My eyebrows grew in, but they came in really thick.  If Sesame Street needs a human to play Ernie's good friend, Bert, I could probably fill in.  However, armed with a sturdy pair of tweezers, I've been able to slash through the jungle.  I admit, though, I have to wait about 20 minutes before applying my spackle (makeup), since my eyelids are bright red & swollen after I've thinned the herd.

My eyelashes are almost back to normal – but you knew that from my other Lucy rant about taking pictures of them.  I know a lot of you think I must make up half of the stuff I tell you about.  The sad thing is, I don't.  I'm just dumb enough to tell the world about it.

My hair is coming in thick & dark, but with grey in it!  I never had grey hair until now, but, that's what hair colour is for.  I've already bought a box, which I plan to unleash upon my unsuspecting head as soon as I have enough hair to go without a wig.  And I'm looking forward to sporting my Lucy hat that Dorothy (Brandes, Smiley's Treasures) sent to me.  You just know I'm posting that picture!

That being said, my whole hairline has changed – no kidding.  I used to have a high forehead, which I attributed to my Native American heritage.  It was about the only thing that resembled that part of our lineage.  My sister, Jill, looks like she just walked off a reservation when she's tan.  I envy her that.  I got the pasty white Anglo look – I'm so white, I glow in the dark.  Sigh.

Anyway, it looks like it's going to be thicker, which is good.  But it's really black.  I've always been a brunette, but there were different colours going on.  I think hair stylists call them "highlights" & "lowlights".  What's growing in is completely dark, all one colour, & not shiny even a little bit.  Oh, & I've got a bit of a widow's peak going on.  Swell, I'm going to look like Eddy Munster with my black hair, widow's peak & pasty white skin.  Wonder how ol' Eddy turned out? 

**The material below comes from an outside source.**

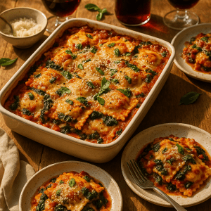 Add a ricotta-and-egg layer between the ravioli for a richer bake. Assembles well ahead and reheats nicely.
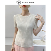 • 宝贝名称: 三宅褶皱T恤女洞洞上衣2023夏季褶皱衣服小众设计感圆领修身显瘦

But on the bright side, it's growing back!  And another high note is that I'm no longer being poisoned & radiated.  Time to heal for a bit, to prepare for my addaboobtome.  And that's something I'm really looking forward to.

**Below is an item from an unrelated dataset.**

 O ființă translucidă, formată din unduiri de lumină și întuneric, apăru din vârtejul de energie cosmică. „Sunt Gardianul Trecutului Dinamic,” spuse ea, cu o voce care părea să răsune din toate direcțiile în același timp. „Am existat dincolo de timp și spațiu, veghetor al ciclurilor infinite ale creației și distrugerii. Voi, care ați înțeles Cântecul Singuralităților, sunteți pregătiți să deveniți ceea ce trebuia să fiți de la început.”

So, all in all, it's good to be a chia pet.  Finally.

I'm going to continue to post updates as they happen.  For the next few weeks, though, I'm going to concentrate on finishing my book, as well as submitting more often to the places I contribute.  I'd pretty much taken the year off as I dealt with this.  Plus, I really didn't have a creative bone in my body for the last year. 

Check back, though, as I chronicle my progress, my meeting with my booby daddy, & then the whole reconstruction process.  You can also keep up with my antics on my blog, simply titled The Brunette Lucy.  No versus cancer or sucking involved!  I post previously published articles over there, & if the publication I write for has an online link, I'll include it.  I haven't posted to it in a while, but that's where I'm going to put my "normal" Lucy stories in the future.  Well, unless they pertain to breast cancer.  

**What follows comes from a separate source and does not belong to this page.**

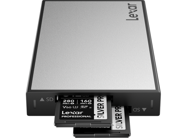 Lexar Professional Workflow Dual-Slot SD UHS-II-kortleser med to SD-kortspor gjør at du kan laste ut to SD-kort samtidig for en raskere arbeidsflyt.

Thanks for your emails, guest book entries, "follows" on Twitter & friends on Facebook.  You have no idea how much your kind words of encouragement have meant to me as I've dealt with this. 
God bless you all.  And, God bless America.  


And never, ever forget.






Have you forgotten?  I haven't.  Here's Darryl Worley's anthem that reminds us what we're fighting for.
PS
Another song that Darryl wrote describes the reason for my wait to go through reconstruction.  It's called, "Second Wind".  No other song could say it better.  Thanks, buddy.